Dynamic scripting languages have recently experienced a dramatic growth. JavaScript in particular is one of the main technologies powering the web. As web applications grow in complexity so does the need for means to guarantee their correctness. Testing has been a valuable ally, but falls short with respect to program coverage and formal correctness guarantees. To complement this approach we propose static type-based analysis. Our goals are early bug detection, code intelligence for editors and verifying specifications; all with modest annotation effort from the developer. The biggest challenge is the dynamic nature of JavaScript: overloaded functions, closures, and mutability both at the stack and heap level.

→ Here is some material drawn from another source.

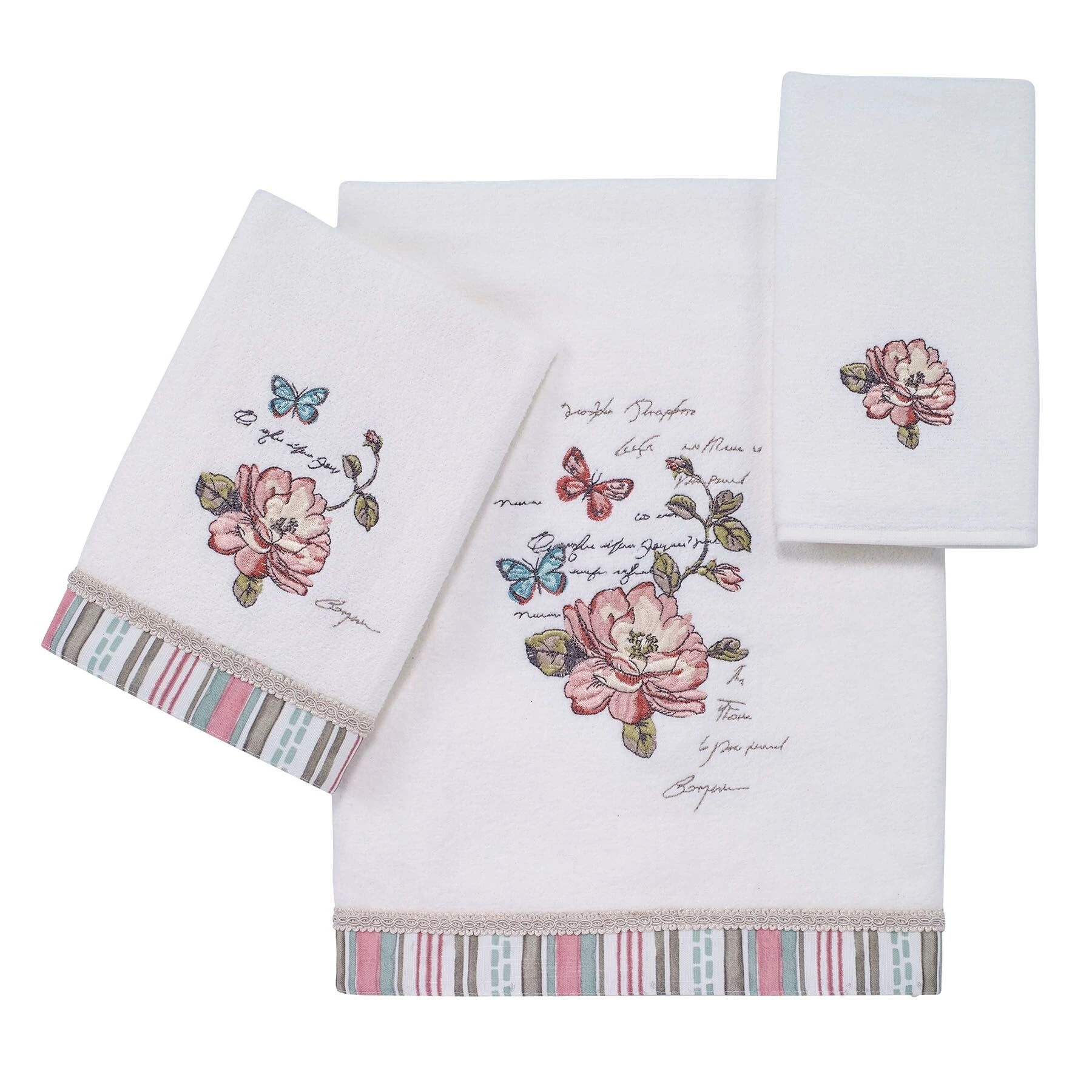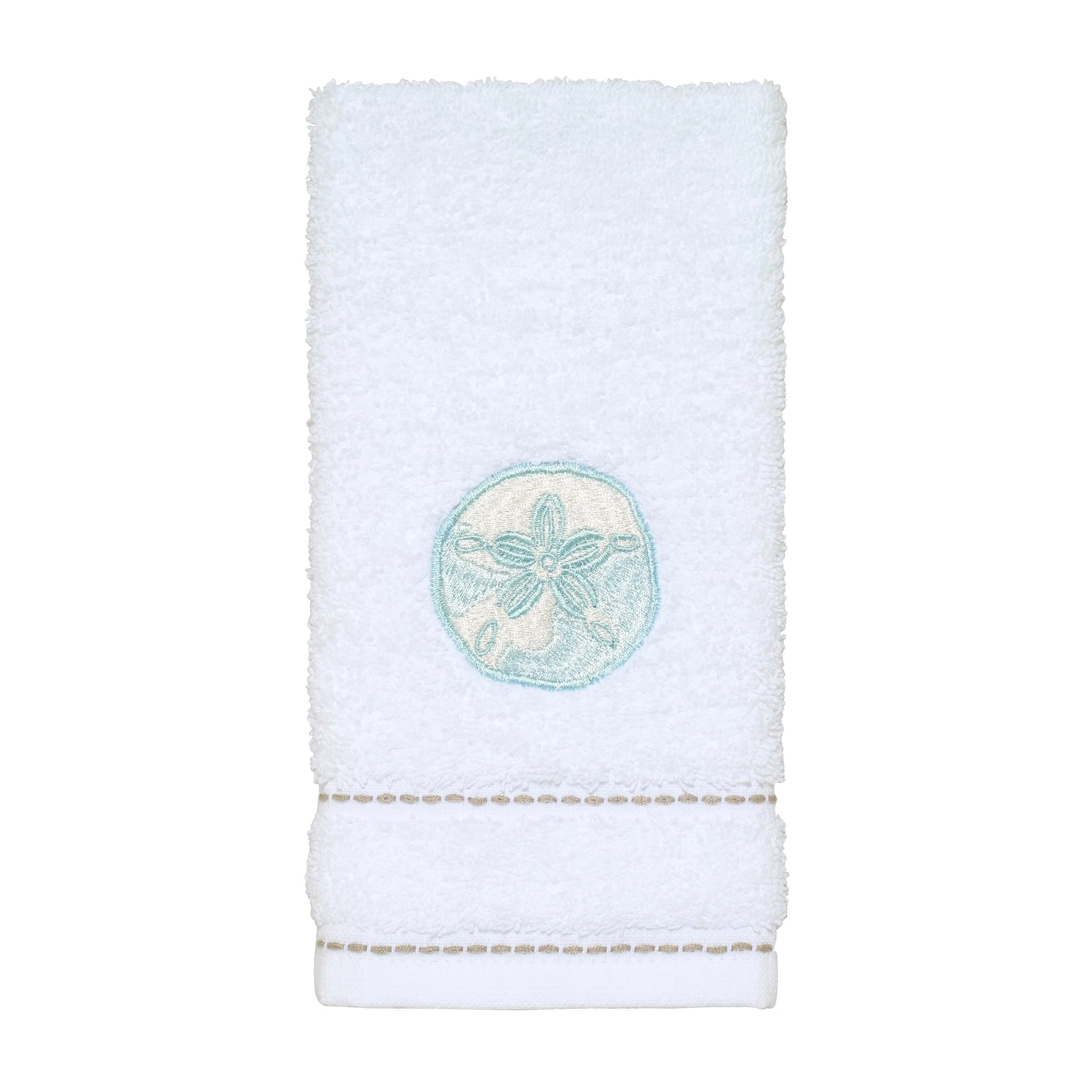 The Avanti Farmhouse Shell Fingertip Towel is embroidered with a light blue sand dollar on a 100% cotton white terry towel. The towel is bordered with 2 taupe broken horizontal polyester stripes. Imported.
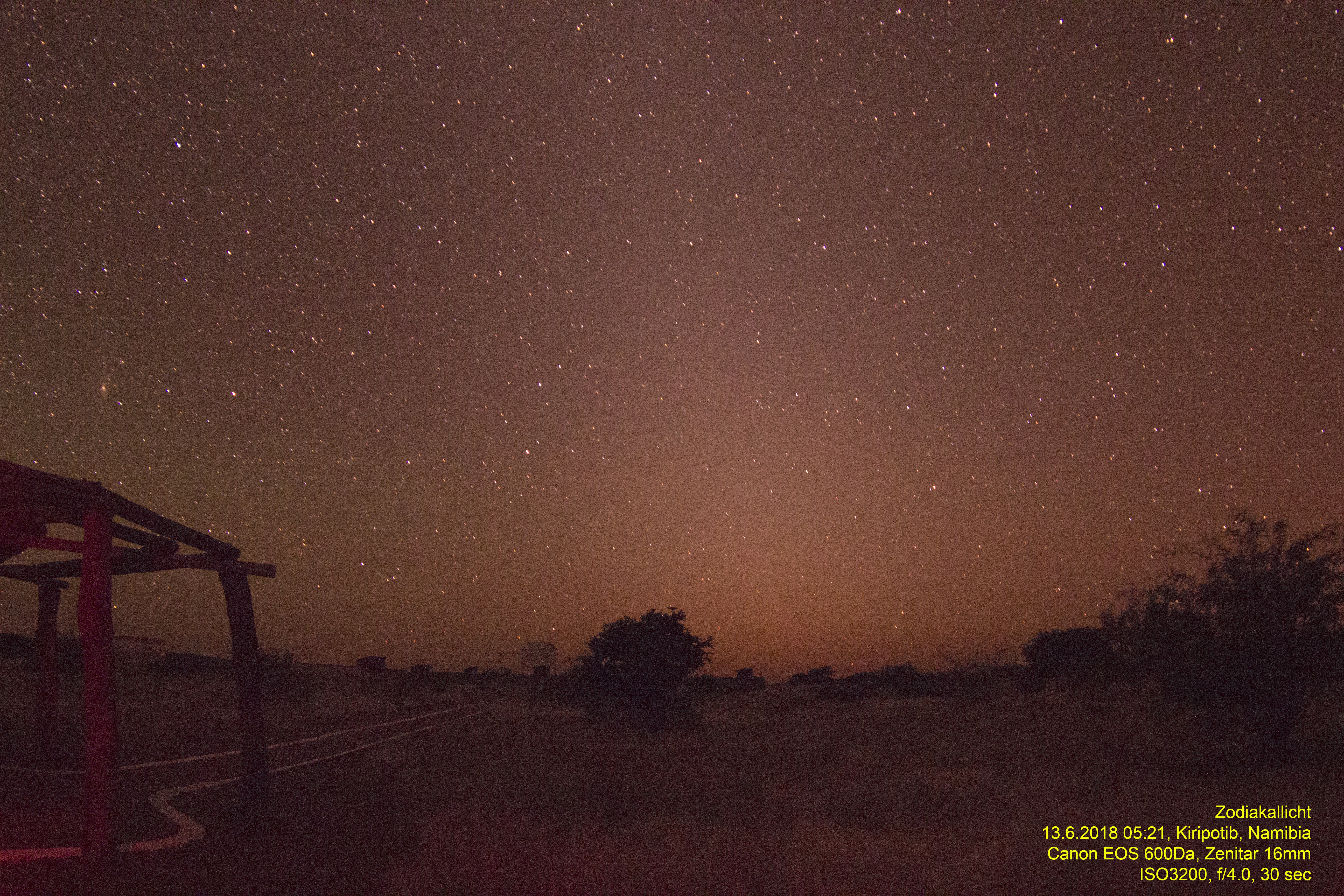Ich konnte am 13.6.2018 morgens früh das Zodiakallicht in Namibia selbst beobachten.

In this dissertation, we describe our solutions to the problem of type checking JavaScript in three main contributions. First, we present the constraint-based type inference engine powering Flow, a static type checker for JavaScript. Here constraint generation accounts for uses of values throughout the program, and constraint propagation corresponds to the notion of subtyping. Detecting bugs amounts to finding inconsistencies in the propagated constraint set. We present a formal core that supports type refinement based on runtime tests, higher-order functions, mutable variables and capture-by-reference, and prove it sound. Second, we tackle the problem of value-based overloading, where functions dynamically reflect upon and behave according to the types of their arguments. We present a novel two-phased approach to type checking that breaks the circular dependency between value and type reasoning in heavily dynamic languages. Our technique enables the straightforward composition of simple type checkers with program logics. Leveraging this advancement is our third contribution, Refined TypeScript (RSC), a refinement type system for TypeScript that enables static verification of higher-order, imperative programs. We develop a formal core of RSC that delineates the interaction between refinement types and mutability, both on local variables and objects. The core is proven sound and extended to account for features of real-world TypeScript programs. We evaluate our checker on a set of benchmarks, including parts of the Octane benchmarks and the TypeScript compiler.